Comment by ben_w

16 hours ago

Each element was about, oh I can't remember exactly, perhaps 50 bytes? It wasn't a constant value, there could in theory be a string in there, but those needed to be added manually and when you have 20,000 of them, nobody would.

Also, it was overwhelmingly likely that none of the elements were duplicates in the first place, and the few exceptions were probably exactly one duplicate.

2 comments

ben_w

hedora 16 hours ago

I'm kind of surprised no one just searched for "deduplication algorithm". If it was absolutely necessary to get this 1MB dataset to be smaller (when was this? Did it need to fit in L2 on a pentium 3 something?), then it could probably have been deduped + loaded in 300-400ms.
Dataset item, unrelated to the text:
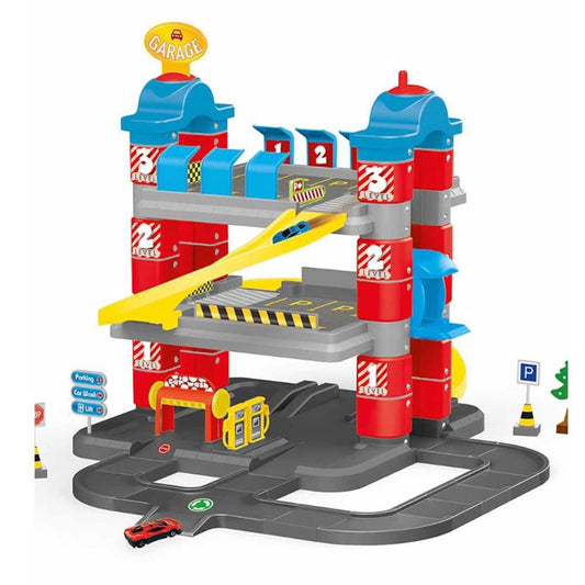 "3 katlı garaj oyun seti ile eğlenceli bir oyuna hazır olun! Graj setinde bulunan asansör, kaydırak, araba yıkama yeri, trafik levhaları...

Most engineers that I've worked with that die on a premature optimization molehill like you describe also make that molehill as complicated as possible. Replacing the inside of the nested loop with a hashtable probe certainly fits the stereotype.

ben_w 15 hours ago

> I'm kind of surprised no one just searched for "deduplication algorithm".
Fair.
To set the scene a bit: the other developer at this point was arrogant, not at all up to date with even the developments of his preferred language, did not listen to or take advice from anyone.
I think a full quarter of my time there was just fire-fighting yet another weird thing he'd done.
> If it was absolutely necessary to get this 1MB dataset to be smaller
It was not, which is why my conversation with the CTO to check on if it was still needed was approximately one or two sentences from each of us. It's possible this might have been important on a previous pivot of the thing, at least one platform shift before I got there, but not when I got to it.